Archdiocese of Brooklyn Legal Analysis

True to his predecessor, the late Justice Scalia, Justice Gorsuch penned a hard-hitting concurrence to the Supreme Court’s 5-4 decision in Archdiocese of Brooklyn v. Cuomo, 592 U.S. ___ (2020), published just before the Thanksgiving holiday. Notably, although the decision was 5-4, Chief Justice Roberts now seems willing to overturn Coronavirus restrictions on religious institutions, but apparently does not want to do so until the Court of Appeals first rules. I provide general commentary on the Court’s analysis in this post, and excerpts of Justice Gorsuch’s concurrence on my social media.

Although some of the application of doctrine in the concurrences is not explicitly stated, the justices’ analysis has clear implications for constitutional litigation in what may have been the blockbuster opinion of this term.

First, the capable of repetition yet evading review doctrine remains alive and well, both with Justice Gorsuch and on the Court as a whole. The Court refused to stand down just because Governor Cuomo loosened the Coronavirus restrictions during the pendency of the litigation. Courts generally reject attempts by litigants to moot issues by voluntary cessation of actionable conduct, and the Court applied that doctrine here and adjudicated the injunction on the merits.
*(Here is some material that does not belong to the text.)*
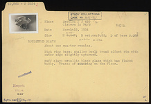 | Description: | About one-quarter remains. High ring base; shallow bowl; broad offset rim with outer edge slightly upturned. Buff clay; metallic black glaze which has flaked badly. Traces of stacking on the floor. | |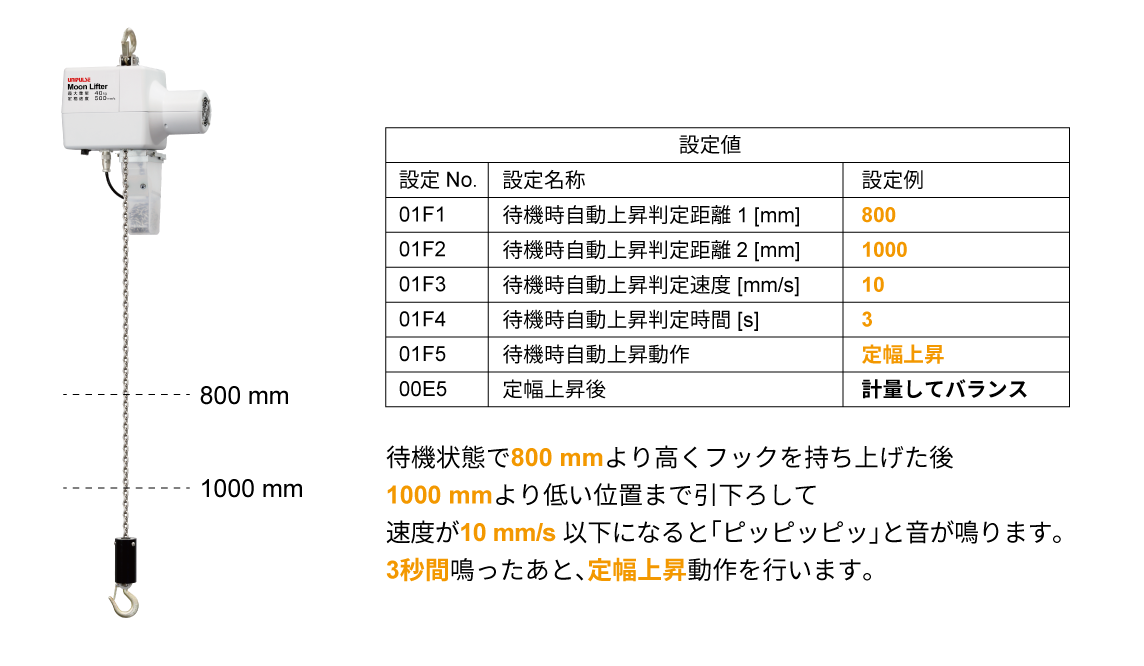 高さ、速度、時間の3つの条件を満たせば、ボタン操作無しで、ワークが自動で上昇後ムーンリフタが計量してアシストを開始します。

Second, stare decisis has limits, particularly in evolving public policy issues. The Court again specifically refused to follow precedents established earlier in 2020 when Coronavirus was less understood. Those opinions specifically deferred to the executive given the limited information available at the time. Although these were hardly longstanding precedents, they suggest loosening of stare decisis in favor of a practical approach to constitutional litigation. In particular, now that effective Coronavirus safety measures are understood, and the churches and synagogues in New York have established a nearly perfect track record, previous decisions allowing stringent regulations were revisited and cast aside.

Third, and relatedly, although courts ordinarily defer to the executive in times of emergency, they draw the line when that authority is abused. Justice Gorsuch did not appreciate that liquor stores and casinos were open while places of worship were closed. Nor, apparently, did he approve of the Governor acting unilaterally. Although he did not address separation of powers explicitly, he mentioned the Governor’s unilateral action several times. Future cases will also show whether the Court’s rigorous scrutiny of Coronavirus measures will extend beyond establishments protected by the free exercise clause.

Fourth, the liberal wing of the Court has embraced a century-old case rejecting a substantive due process argument against compulsory vaccination during a smallpox epidemic. The substantive due process doctrine underpins liberal jurisprudence on other social issues. Both the conservative and liberal wings of the Court appear poised to reexamine the broader substantive due process doctrine in the context of the Coronavirus. Both sides risk creating dicta that could prove improvident in future litigation of unrelated issues.